There is a slight volume balance issue at work here, the action definitely picked up compared to some of the weaker dialogue scenes, which probably need a small kick to become in line with everything else. Otherwise, the other elements balance well, save for those few bass jolts. The screaming of Marines as guns go off and Aliens screech while the music pounds along is fine. The score carries some fullness to it, certainly more up to date than certain dialogue exchanges.
Most of the time, the dialogue is fine, carrying a natural air to it. The scene where Ripley tucks Newt in has a general harshness to it, the on-set sound effects seemingly elevated more than they should be. Some rather drastic popping is noted as Ripley talks around 1:20:54, the same lackadaisical fidelity of the previously mentioned conversation in place here as well. It’s brief.

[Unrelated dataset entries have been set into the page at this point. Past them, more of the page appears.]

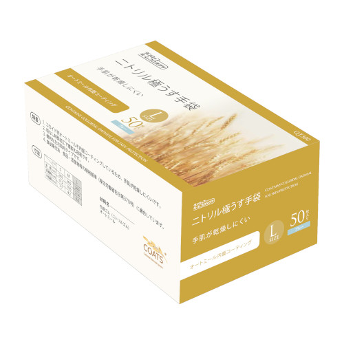 QT300 ニトリル極うす手袋オートミール内面コーティング 50枚入
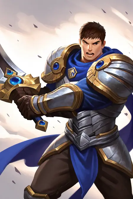 garen lol, armor, brown hair, shoulder armor, pauldrons, gloves, short hair, pants, cape, sword, holding weapon
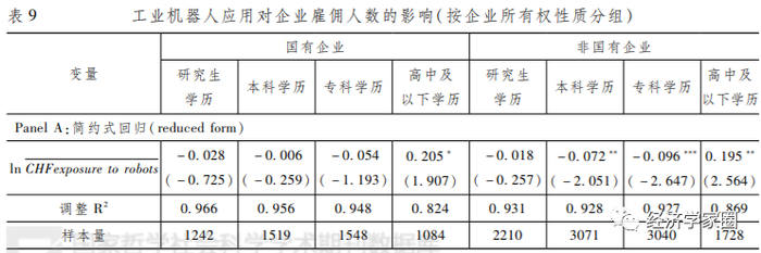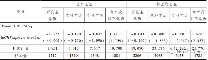 为了验证上述分析,本文根据企业的所有权性质将企业分为国有企业和非国有企业两个子样本进行分组回归。如表9所示,简约式回归结果表明,工业机器人应用对劳动力的替代效应主要发生在非国有企业中。其中,工业机器人渗透度对本科学历员工的替代弹性为-0.072;对专科学历员工的替代弹性为-0.096;而对于高中及以下学历的员工,工业机器人渗透度每增加1%会导致对其需求量增加0.195%。但是在国有企业样本中,工业机器人应用对不同学历层次的员工雇佣人数均无显著的替代效应。基于IV 2SLS的回归结果与上述结论一致。
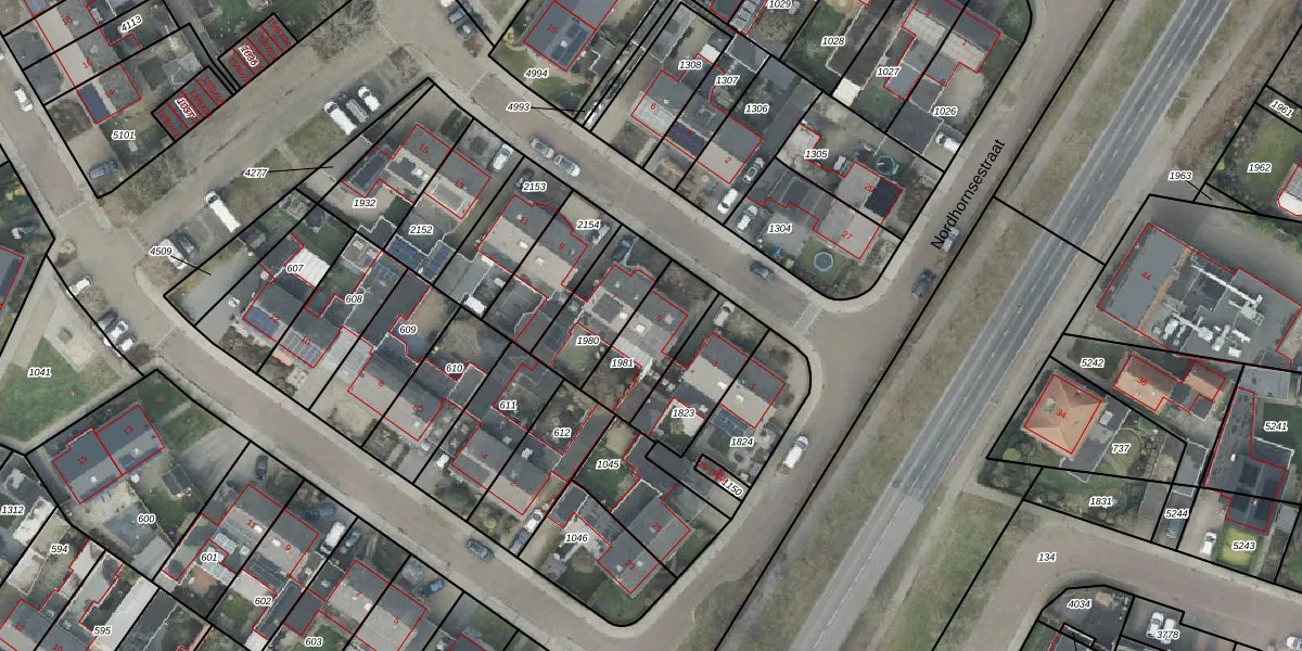 Gebruik de zoekbalk of klik op een perceel voor informatie over de adressen binnen dit perceel.
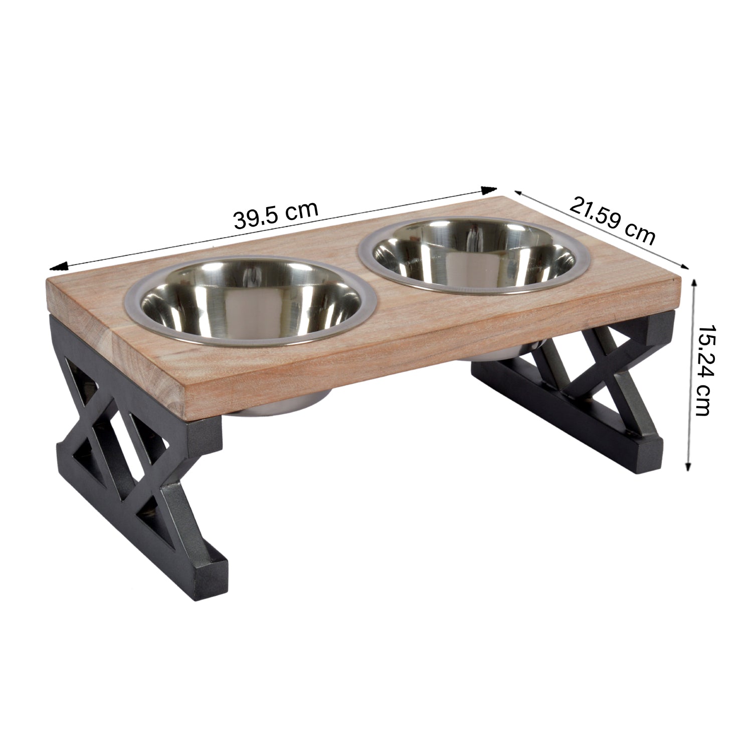 Made from chic mango wood, this eco-friendly feeder adds sophistication and durability, with dishwasher-safe bowls for easy cleanup.
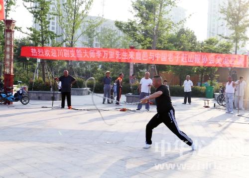中華龍都網(wǎng)訊(周口報(bào)業(yè)全媒體記者 李瑞才 通訊員 胡洪濤)6月7日一大早,鹿邑老子趕山鞭協(xié)會(huì)20多位鞭友歡聚一起切磋技藝,弘揚(yáng)傳播老子文化。
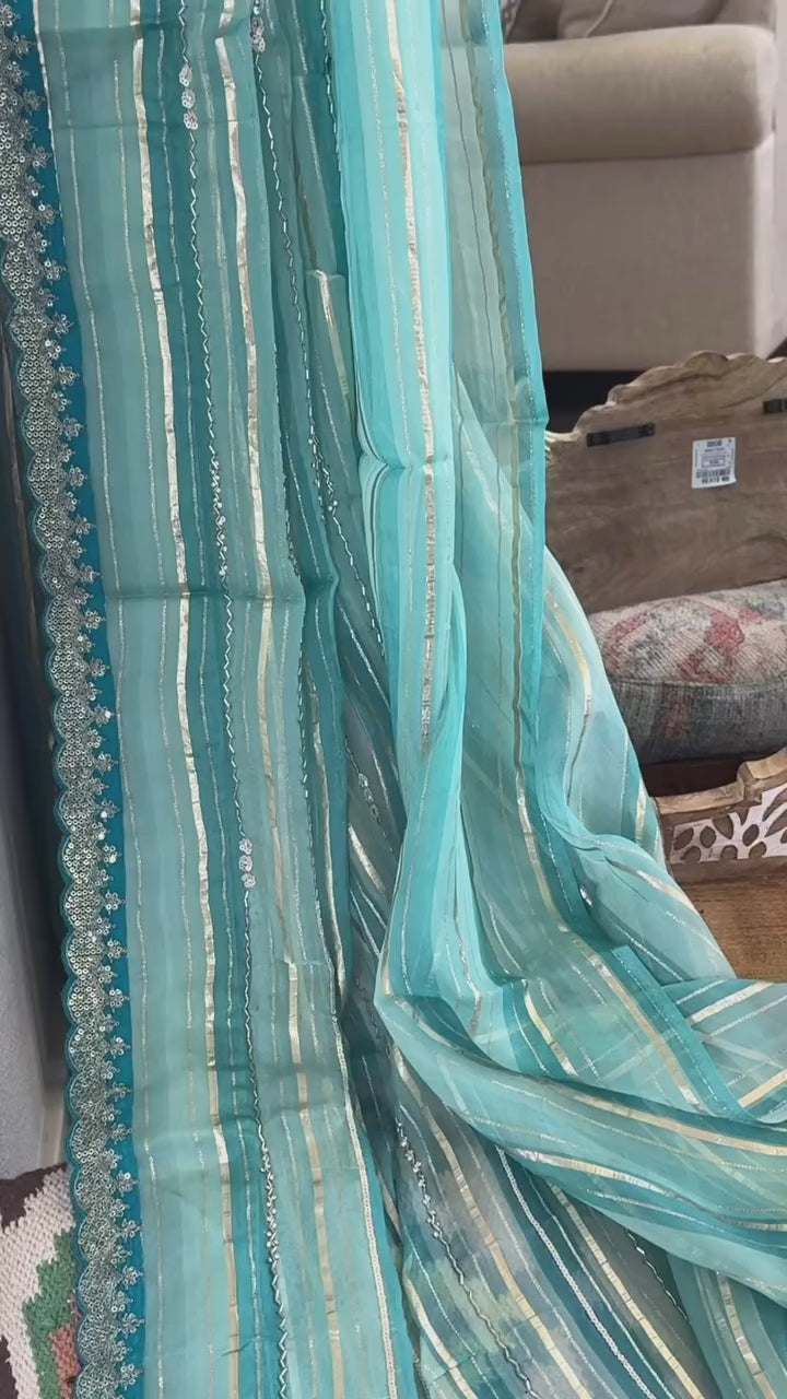 Indulge in luxury with our stunning Organza Saree. This exquisite piece features delicate stripes, shimmering sequins, and intricate gota lace, all in a beautiful blue hue. Add a touch of sophistication and elegance to your wardrobe with this one-of-a-kind saree.
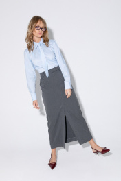 Комплект из приталенной хлопковой рубашки с галстуком и юбки PiRS 5360 голубой+графит
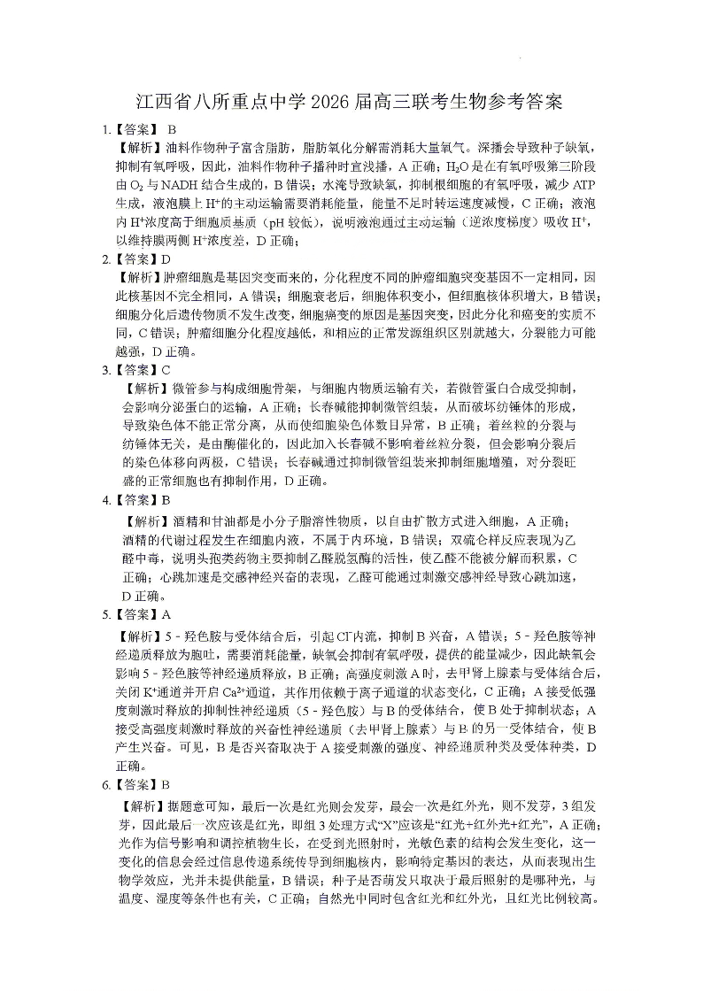 江西省八所重点中学2026届高三年级4月联考 生物答案.pdf
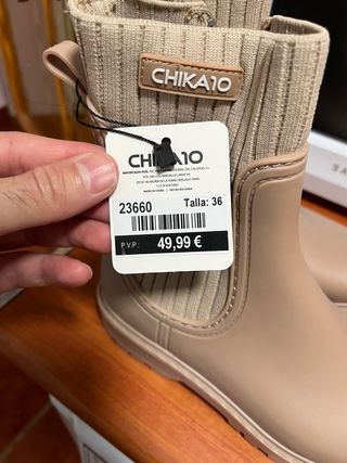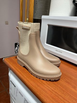 Botas de agua de la marca Chika10, con un diseño moderno y cómodo. NUEVAS. Entrega en mano en Madrid. - Caña de punto. - Detalle de logo en la caña. - Suela de goma con buen agarre.
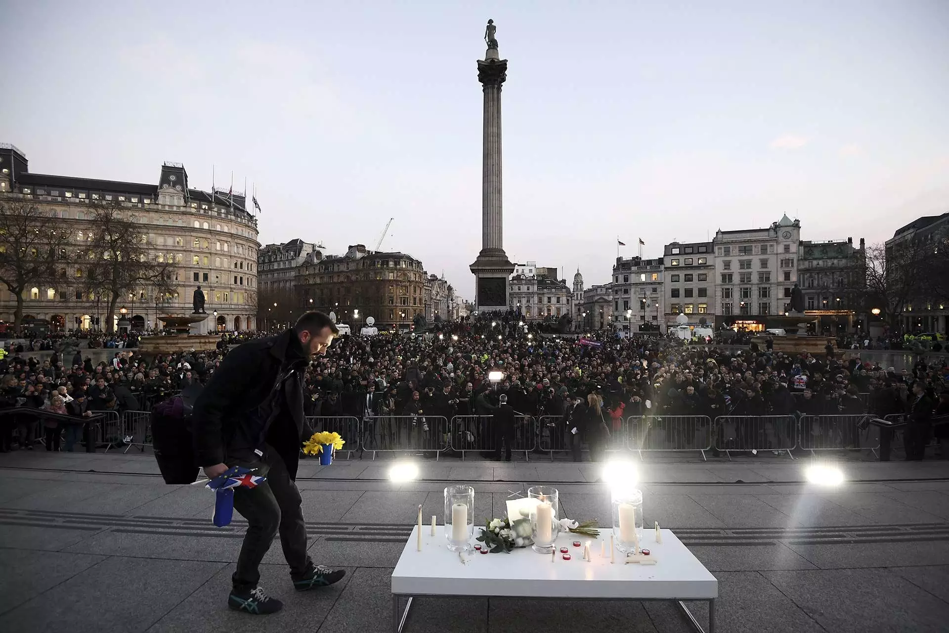 El alcalde de Londres, el laborista Sadiq Khan, convocó la vigilia en la céntrica plaza de Trafalgar en solidaridad con las víctimas del atentado perpetrado frente al Parlamento.
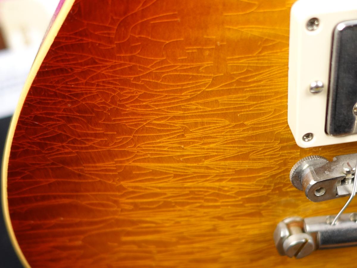 経時変化によりウェザーチェックと呼ばれるクラックを生じさせる、1950年代、1960年代のニトロセルロースラッカーを科学的に解析し、その変化のプロセスをひも解き、あらゆるモデルのプロトタイプによるテストを重ねて、ヴィンテージ同様のナチュラル・ウェザーチェックを再現するラッカー・プロセスを開発しました。
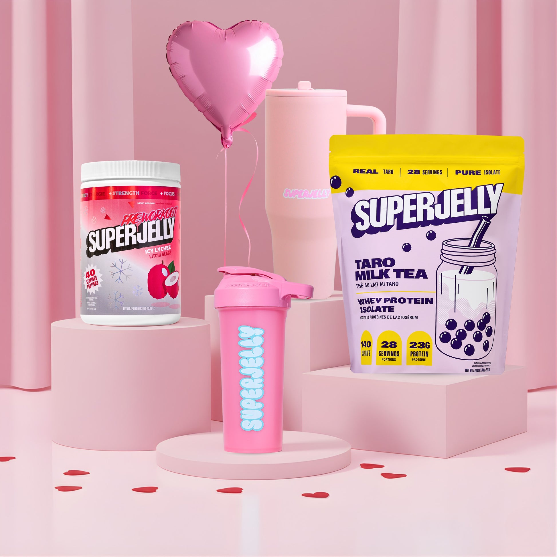 LOVE JELLY is our Valentine’s-exclusive pink bundle made for gifting, self-love, and main-character gym energy.
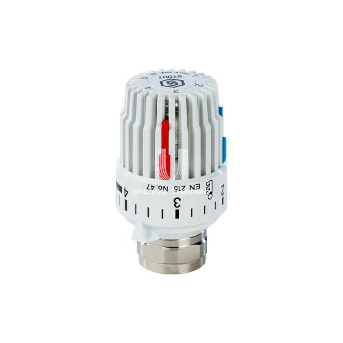 Термостатические элементы (термоголовки) Stout изготавливаются в Италии и являются основной деталью терморегулирования, что включает в себя температурный датчик, контроллер с датчиком температуры, привод исполнительного механизма (клапана). Установка на терморегуляторе осуществляется при помощи соединения M30х1.5. Термоголовка может настраиваться потребителем на поддержание любой желаемой температуры воздуха в отапливаемом помещении. Термоэлементы предлагаются с газонаполненным или жидкостным сильфоном.
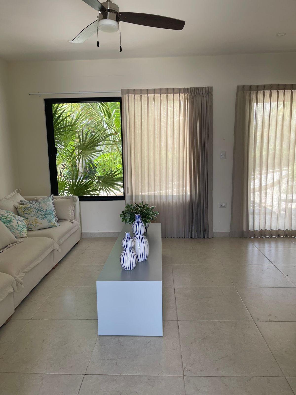 Ar-condicionado e ventiladores de teto em todos os quartos, incluindo a sala de estar e jantar
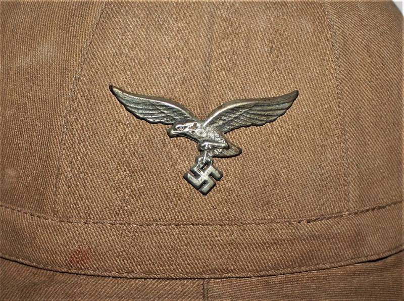 Casco coloniale della LW in buone condizioni, non restaurato o riparato, solo con patina del tempo e dellŽuso e completo in ogni sua parte, interno, sottogola e fregi mai smontati, marcato sotto il parasudore con RBN n.., data 1941 e taglia 56, fregi belli mai smontati, uno dei tre fermi dello scudetto dei colori nazionali è rotto. Originale 100% WWII periodo.
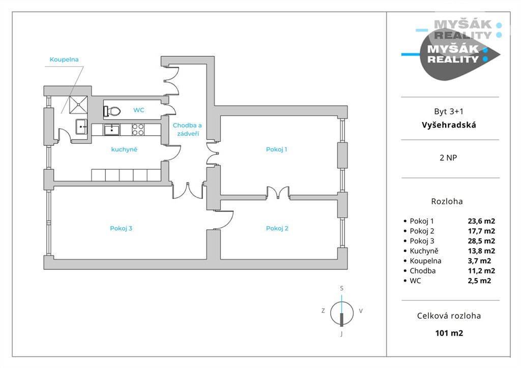 Byt se nachází v prvním patře domu bez výtahu a je koncipován jako 3+1 o ideální výměře 102m2. Je částečně zrekonstruovaný, s novým plynovým kotlem pro topení i ohřev vody. V koupelně s oknem je sprchový kout.
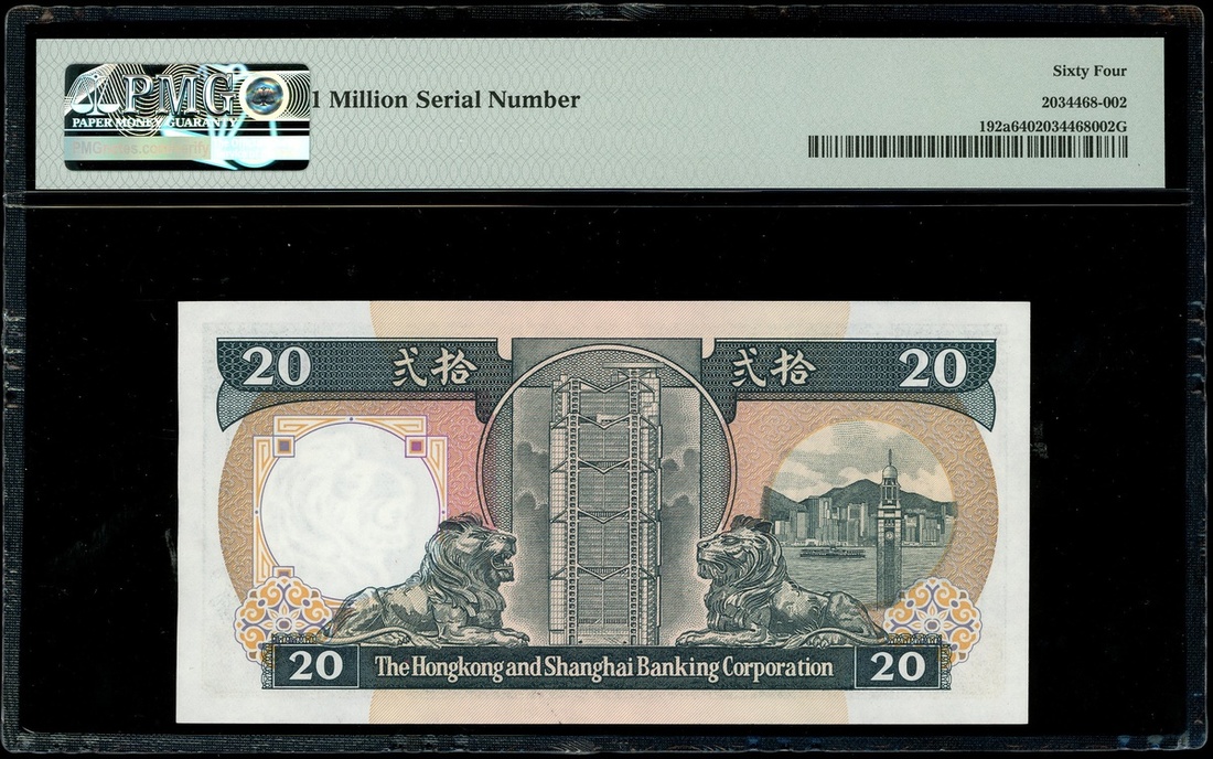 1986年香港上海匯豐銀行$20,幸運號AC1000000,PMG 64,此系列少見之一百萬號票
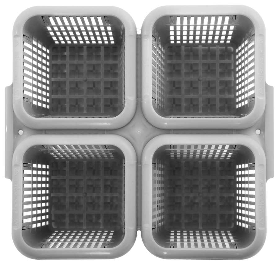 This basket comes with offset hand slots which make it easier to handle and transport. This Open Glass Basket can be used in any 40 size glasswasher.

The disc of Aliens contains a commentary, this one recorded back in 2003. Two isolated scores are here, compressed but in 5.1, and only available in the original cut. The selection of deleted scenes are those re-inserted into the director’s cut, totaling nearly 20-minutes. The MU-TH-UR mode returns, the only real benefit being the pop-up trivia, and the intrusive on-screen graphics are barely worth the wealth of info. The rest of the extras reside on discs 5 and 6 in this set.
Note: All time stamps refer to the theatrical cut.